→ What to work on
Ignoring pictures, transcribe exactly the lines between the one containing "早年住和平里樱花园,距土城公" and the end of the material, both included.

→ Information supplied
....
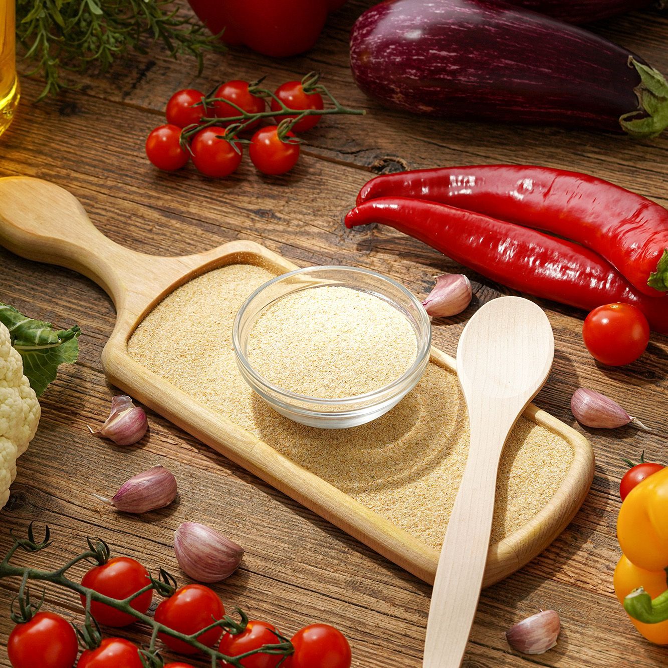 Описание: Чеснок сушеный в гранулах изготавливается из свежих зубчиков чеснока, которые высушиваются, а затем измельчаются в гранулы. Чеснок производится в Китае и Индии. Сушеный чеснок можно использовать в различных пикантных блюдах для придания вкуса и аромата. Его добавляют для заправки мяса, овощей, супов, соусов и маринадов. Чеснок содержит соединения, такие как аллицин, которые, как было доказано, обладают антибактериальными и противовирусными свойствами. Это также может помочь снизить кровяное давление и уровень холестерина. Этот ингредиент используется как универсальная приправа для блюд из макарон, картофеля фри, запеченных овощей, приправах и специях к мясу, заправки для салатов.
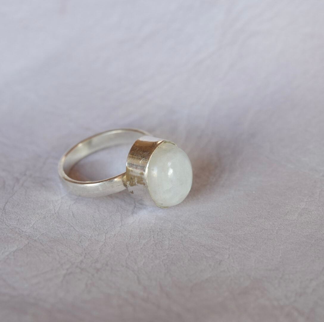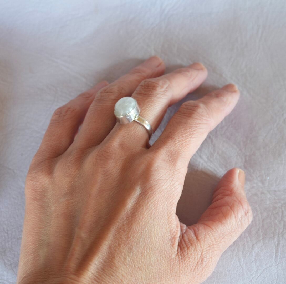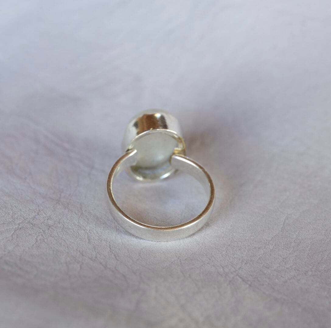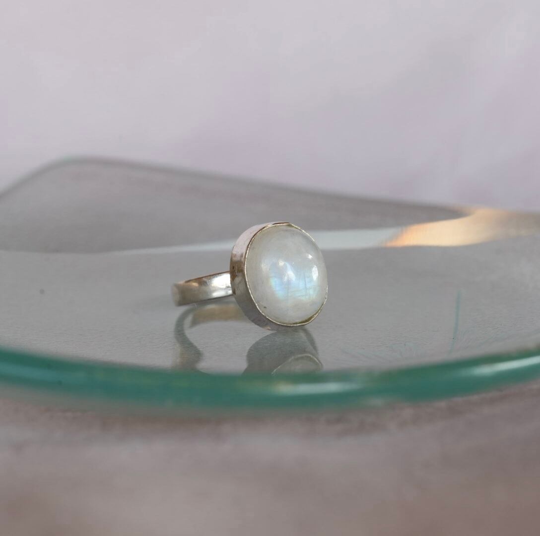 揺れる星屑を閉じ込めたような、神秘的な輝きが魅力的なブルームーンストーンリング。ぷっくりと愛嬌のあるオーバルデザインです。角度によってブルーの輝きが見られます。いろいろな角度から異なる表情をお楽しみいただけます。
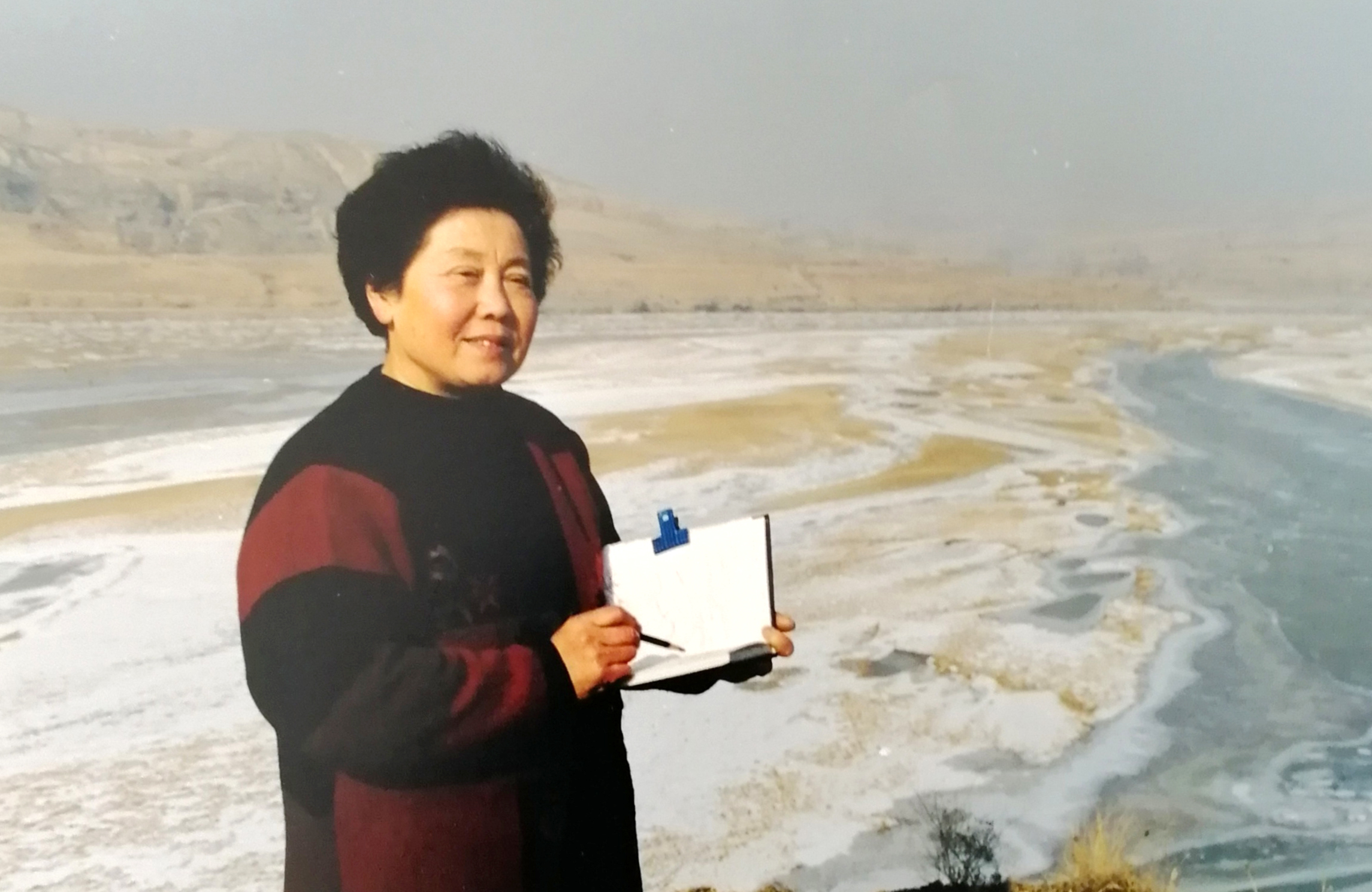 早年住和平里樱花园,距土城公园只有百步路。每当下雪,我总是第一个去公园欣赏。我更想到广阔的大自然里陶冶。1997年冬,一天晚间新闻报导第二天京郊下雪,我当即和老伴商量第二天到十渡赏雪。第二日凌晨四点打车到永定门车站,到十渡时只有我二人下车。我们租车从九渡往五渡走,有好景便停车画速写。大地披上银装,白茫茫一片,有棕色灌木丛点缀,蓝色小河沿山根蜿蜒流过,一两匹小马在静静地吃草,岸边的白杨直穿蓝天,山巅山腰飘洒了层层白雪,像仙女的衣裙,又像洁白的哈达,这一切是那么圣洁静谧。偶有几只喜鹊飞过,使我领会到“鸟鸣山更幽”的意境。这么美的雪景只有我二人享受,我们在宇宙的怀抱,这正是我们苦苦以求的“天人合一”的境界啊!
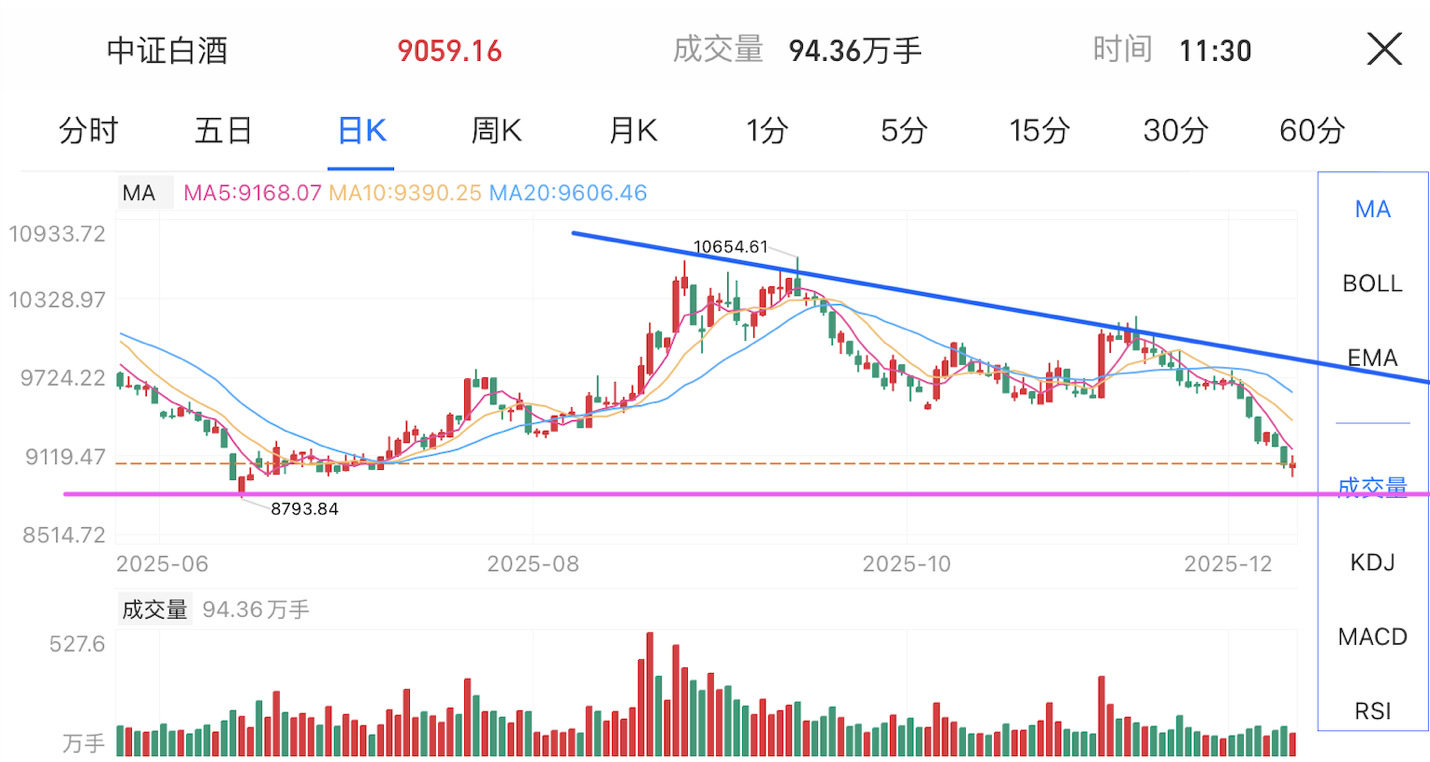 白酒:持续在底部区间缩量震荡,受到清晰的下降趋势线压制。在普跌中若能维持住底部不破,表明其品牌价值的抗跌性。格位于所有关键均线下方,走势极弱。目前逐渐靠近最低点,普跌背景下能否守住支撑位将是关键,需警惕跌破引发的加速下行。
....
→ Answer box
 早年住和平里樱花园,距土城公园只有百步路。每当下雪,我总是第一个去公园欣赏。我更想到广阔的大自然里陶冶。1997年冬,一天晚间新闻报导第二天京郊下雪,我当即和老伴商量第二天到十渡赏雪。第二日凌晨四点打车到永定门车站,到十渡时只有我二人下车。我们租车从九渡往五渡走,有好景便停车画速写。大地披上银装,白茫茫一片,有棕色灌木丛点缀,蓝色小河沿山根蜿蜒流过,一两匹小马在静静地吃草,岸边的白杨直穿蓝天,山巅山腰飘洒了层层白雪,像仙女的衣裙,又像洁白的哈达,这一切是那么圣洁静谧。偶有几只喜鹊飞过,使我领会到“鸟鸣山更幽”的意境。这么美的雪景只有我二人享受,我们在宇宙的怀抱,这正是我们苦苦以求的“天人合一”的境界啊!
 白酒:持续在底部区间缩量震荡,受到清晰的下降趋势线压制。在普跌中若能维持住底部不破,表明其品牌价值的抗跌性。格位于所有关键均线下方,走势极弱。目前逐渐靠近最低点,普跌背景下能否守住支撑位将是关键,需警惕跌破引发的加速下行。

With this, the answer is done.